6.5 years ago by
Hello. I assume that what you're trying to do is use the short variation database to get variants using genes as your filter, then get the alleles and phenotypes for each of the variants.
I'm afraid that that's not actually possible at the moment. The reason for this is that in Ensembl the phenotypes in mouse are only associated with genes, not with variants, due to the data that we have available. What you can do instead is a query using the genes database to get the phenotype(s) associated with each gene, and a query to get the variants and alleles associated with each gene, then merge the two together. This is not ideal, of course, as there is no way of knowing which variants actually cause the phenotype, but then we also don't know that so you're no better off than us.

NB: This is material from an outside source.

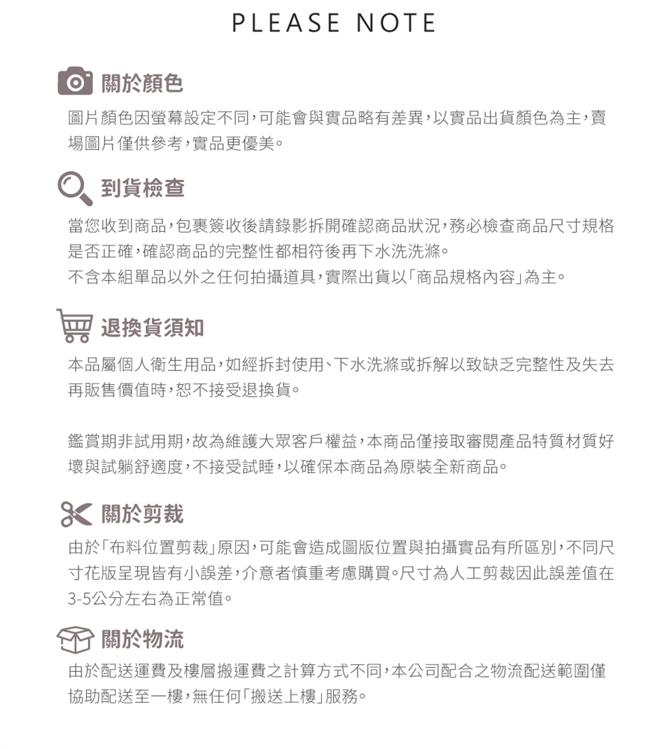 ※如商品因試睡、洗滌等等...產生異味與明顯使用痕跡 恕不接受退換貨。
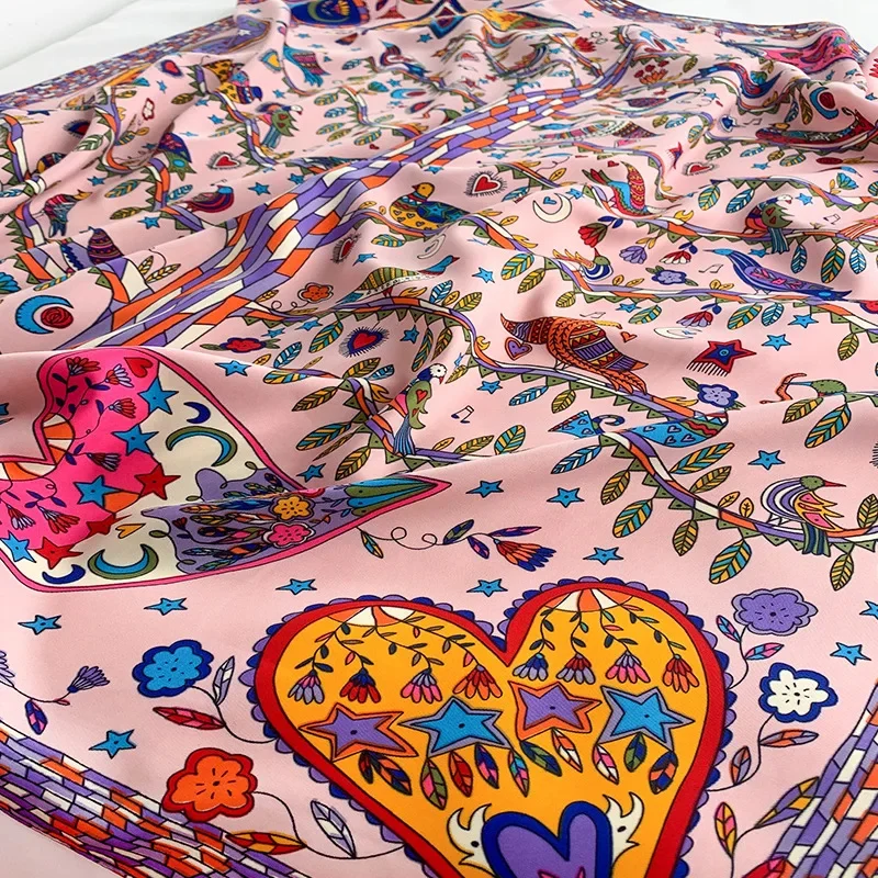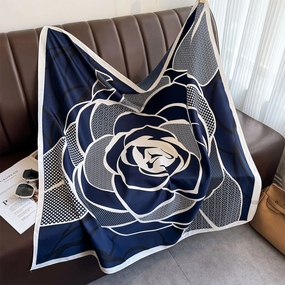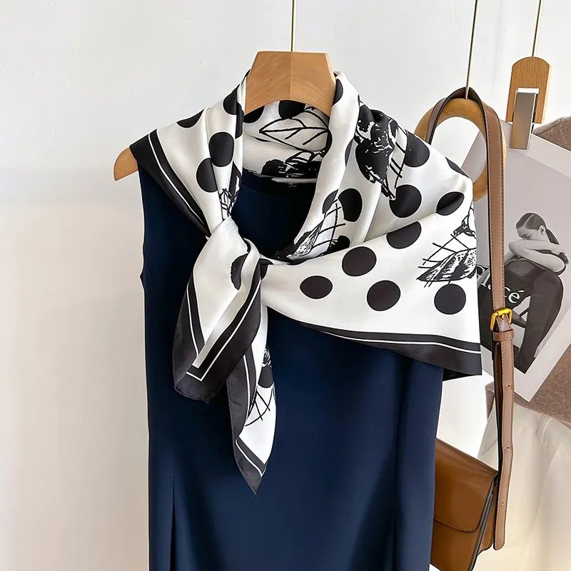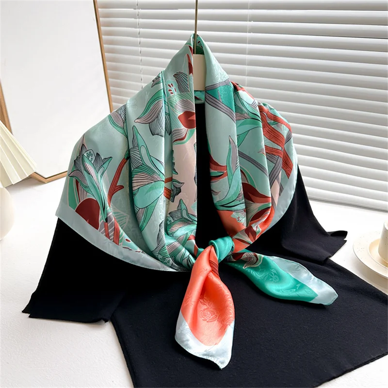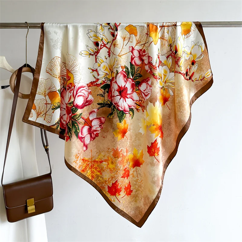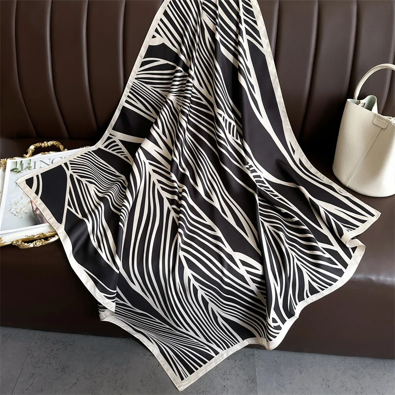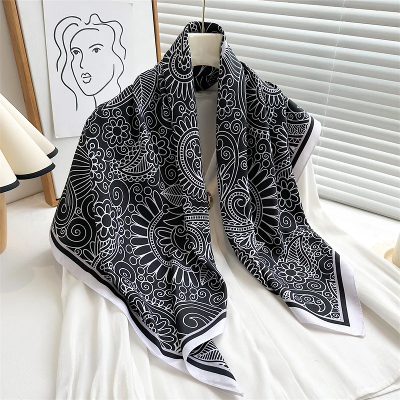 Chain Print Silk Square Scarf 90cm Retro Shawl Women

One thing I might suggest, however, is that BioMart might not be the best way to do this query. Firstly, you would have to do two separate queries then merge them together, which may be complicated. Secondly, BioMart can get a bit funny with lots of data. A query with ~2600 genes, each with, say, 3000 variants is 780,000 variants. BioMart doesn't like that amount of data and what it is likely to do is decide partway through your query that it can't manage it and just stop, giving you only part of your results and not actually telling you that it's done it. Because of this, I would suggest that you attempt to use the Perl API instead. This will allow you to do a single query which will print the phenotype and a list of the variants for each gene, and will be able to handle a query of this size. Let me know if you want to use this and need any help.